• [Task instructions]:
For this exercise, repeat exactly the lines below starting at the line holding "XPRS Nutra Polvo" and ending at the line holding "經(jīng)中美雙方商定,國家主席習近", both included, with no extra lines and no pictures.

• [Records for processing]:
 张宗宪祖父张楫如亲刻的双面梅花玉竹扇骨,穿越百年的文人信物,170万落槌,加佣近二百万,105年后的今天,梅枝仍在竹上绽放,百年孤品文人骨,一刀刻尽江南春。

---

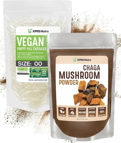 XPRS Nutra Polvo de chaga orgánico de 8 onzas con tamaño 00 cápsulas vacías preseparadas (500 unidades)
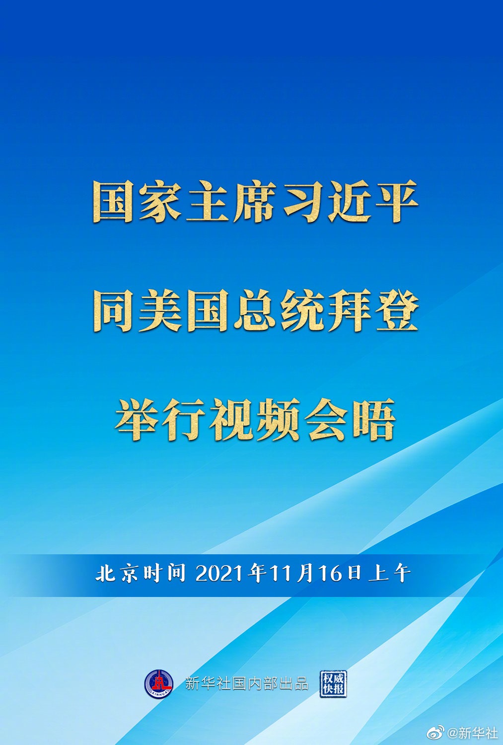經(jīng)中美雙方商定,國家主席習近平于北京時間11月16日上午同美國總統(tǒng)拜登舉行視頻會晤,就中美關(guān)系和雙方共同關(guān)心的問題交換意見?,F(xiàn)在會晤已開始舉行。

• [Worked solution]:
 XPRS Nutra Polvo de chaga orgánico de 8 onzas con tamaño 00 cápsulas vacías preseparadas (500 unidades)
經(jīng)中美雙方商定,國家主席習近平于北京時間11月16日上午同美國總統(tǒng)拜登舉行視頻會晤,就中美關(guān)系和雙方共同關(guān)心的問題交換意見?,F(xiàn)在會晤已開始舉行。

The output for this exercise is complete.